Distributed Optimization Based on Gradient Tracking Revisited: Enhancing Convergence Rate via Surrogation

We study distributed multiagent optimization over graphs. We consider the minimization of $F+G$ subject to convex constraints, where $F$ is the smooth strongly convex sum of the agent's losses and $G$ is a nonsmooth convex function. We build on the SONATA algorithm: the algorithm employs the use of surrogate objective functions in the agents' subproblems (thus going beyond linearization, such as proximal-gradient) coupled with a perturbed consensus mechanism that aims to locally track the gradient of $F$. SONATA achieves precision $\epsilon>0$ on the objective value in $\mathcal{O}(\kappa_g \log(1/\epsilon))$ gradient computations at each node and $\tilde{\mathcal{O}}\big(\kappa_g (1-\rho)^{-1/2} \log(1/\epsilon)\big)$ communication steps, where $\kappa_g$ is the condition number of $F$ and $\rho$ characterizes the connectivity of the network.
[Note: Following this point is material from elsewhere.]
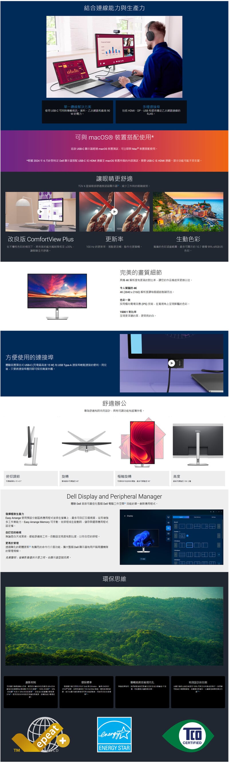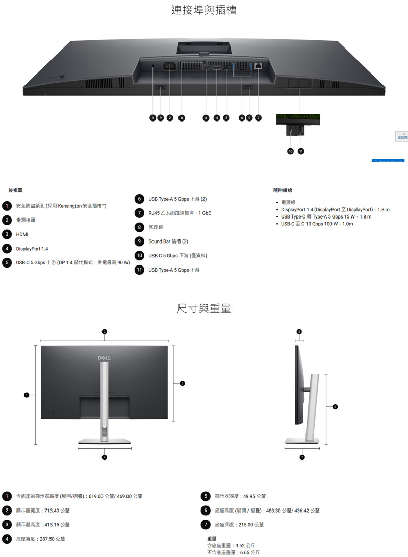 這款 USB-C 顯示器經過 macOS 裝置測試,可立即與 Mac® 裝置搭配使用。 使用 USB-C 可同時傳輸視訊、資料、乙太網路和最高 90 W 的電力。 多種連接埠: 包括 HDMI、DP、USB 和提供穩定乙太網路連線的 RJ45。 更新率: 100 Hz 的更新率、捲動更流暢,動作也更順暢。約 10.7 億種 99% sRGB 的色彩。 ComfortView Plus : 在不犧牲色彩的情況下,將有害的藍光輻射降低至 ≤35%,讓眼睛全天舒適。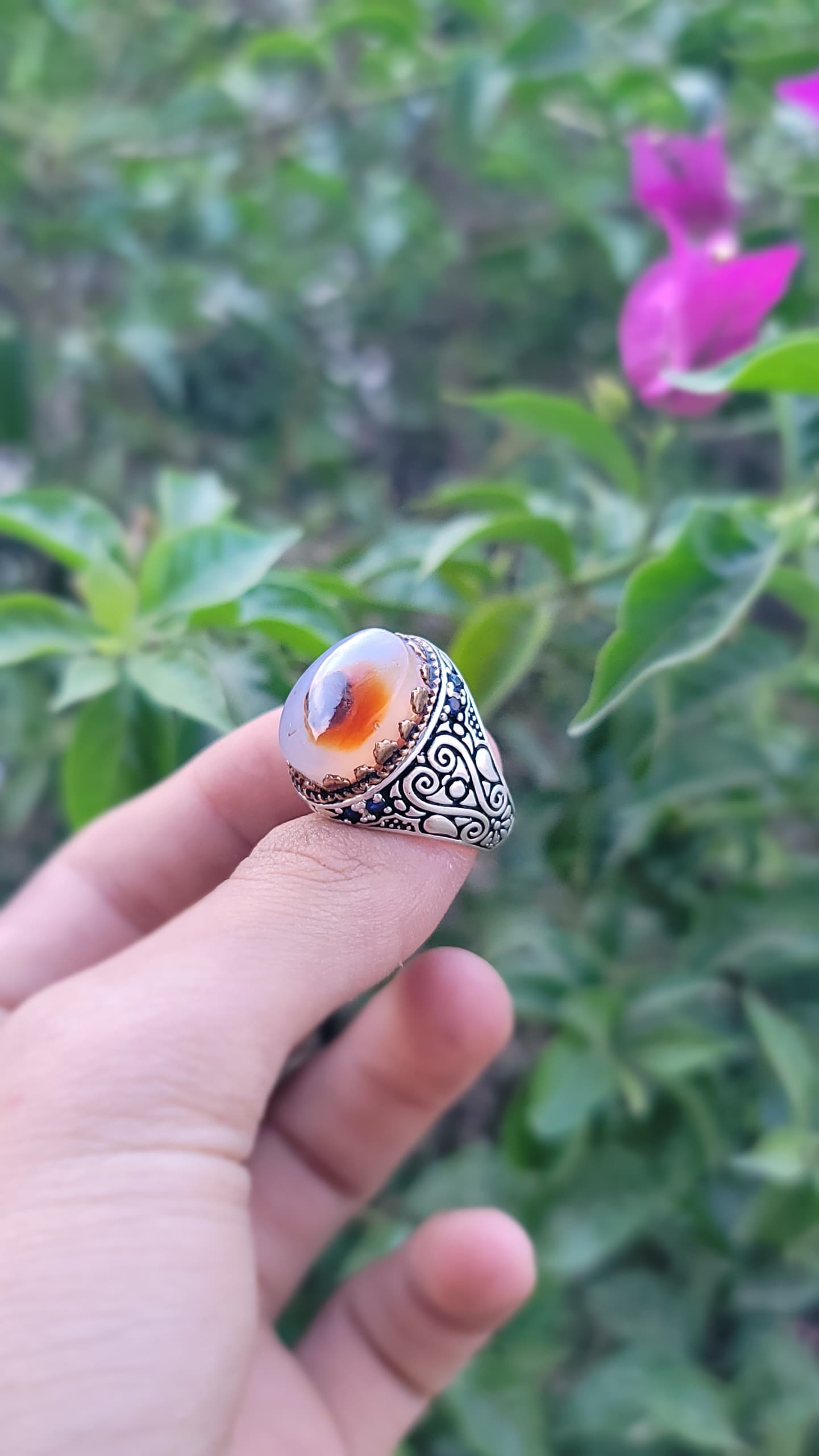 خاتم فخم من فضة نقية عيار 925، يتوّجه حجر العقيق اليماني المزهر المرسم الطبيعي، الذي يتميز بنقوش دقيقة تشبه الزهور أو الزخارف النباتية، وكأنها مرسومة بريشة فنان داخل الحجر.

This is the first linear rate result for distributed composite optimization; it also improves on existing (nonaccelerated) schemes just minimizing $F$, whose rate depends on much larger quantities than $\kappa_g$. When the loss functions of the agents are similar, due to statistical data similarity or otherwise, SONATA employing high-order surrogates achieves precision $\epsilon>0$ in $\mathcal{O}\big((\beta/\mu) \log(1/\epsilon)\big)$ iterations and $\tilde{\mathcal{O}}\big((\beta/\mu) (1-\rho)^{-1/2} \log(1/\epsilon)\big)$ communication steps, where $\beta$ measures the degree of similarity of agents' losses and $\mu$ is the strong convexity constant of $F$. Therefore, when $\beta/\mu < \kappa_g$, the use of high-order surrogates yields provably faster rates than those achievable by first-order models; this is without exchanging any Hessian matrix over the network.